Alan Huffman

Alan Huffman is an author and journalist from Bolton, Mississippi. He is the author of five nonfiction books:

Life and work

Huffman has contributed to The New York Times, the Los Angeles Times, The Atlantic, The Atlanta Journal-Constitution, International Business Times, Smithsonian, Oxford American, Outside, Preservation, Lost, American Legacy, Newsweek, Washington Post Magazine, The Huffington Post and The Daily Beast. He has appeared on numerous TV and radio shows, including The Daily Show with Jon Stewart, NPR's All Things Considered, and Fox & Friends.

He moved the Holly Grove Plantation House from near Port Gibson, Mississippi to Bolton, Mississippi in 1990. The home is listed in the National Register of Historic Places.

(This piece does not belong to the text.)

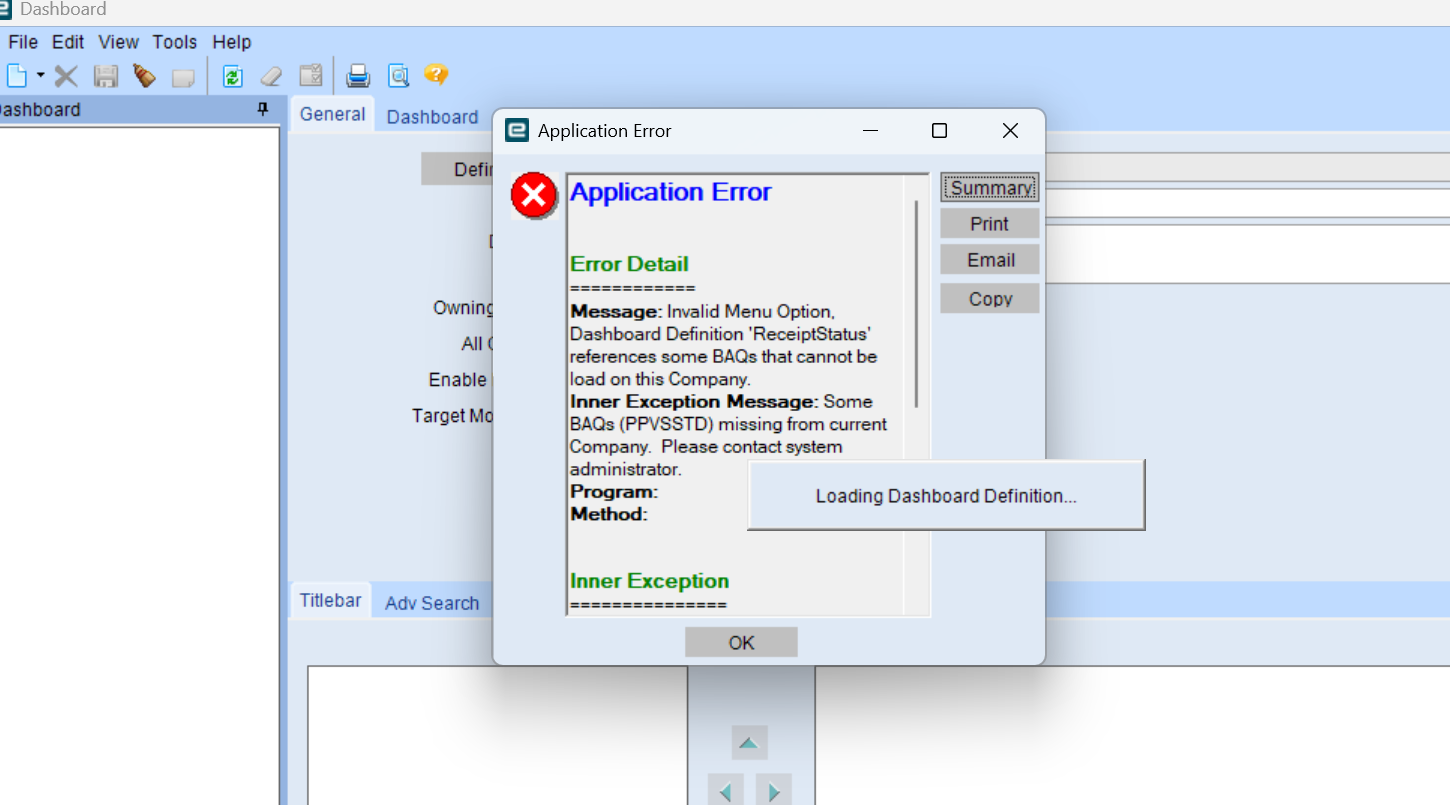 I had a dashboard with several BAQs. One of the BAQ tabs became unnecessary, so I ended up deleting that BAQ first. I should have deleted that tab from the dashboard first, but I completely forgot. So, when I tried to open the dashboard right now, the following pop-up appeared and it wouldn’t open. I tried to recover the BAQ, but it has already been deleted and cannot be recovered.

Mississippi in Africa explores two parallel universes: The U.S. state of Mississippi and a largely forgotten freed-slave colony by the same name on the west coast of Africa.

Ten Point, a photoessay book, illustrates the final days of the wilderness of the Mississippi Delta, the setting for William Faulkner's short story "The Bear".

Sultana follows three young soldiers through a series of survival challenges during and after the American Civil War, including their capture and imprisonment, culminating with their surviving the worst maritime disaster in American history.

We're with Nobody, co-authored with Michael Rejebian, is about contemporary American politics, focusing on Huffman's and Rejebian's 18 years as opposition researchers, during which they focused on candidates from presidential appointments and congressional representatives down to local school board members.

Here I Am: The Story of Tim Hetherington, War Photographer (Grove Press, 2013), is about the photojournalist Tim Hetherington's life, including his coverage of conflicts from the West African nation of Liberia to Sierra Lione, Darfur, Nigeria, Afghanistan and Libya. Hetherington, whose artistic eye and focus on revealing the lives of his subjects set him apart from other conflict photographers, was nominated for an Academy Award (with codirector Sebastian Junger) for the documentary film Restrepo. He was killed in Libya, alongside photographer Chris Hondros, on April 20, 2011, while covering that nation's revolution.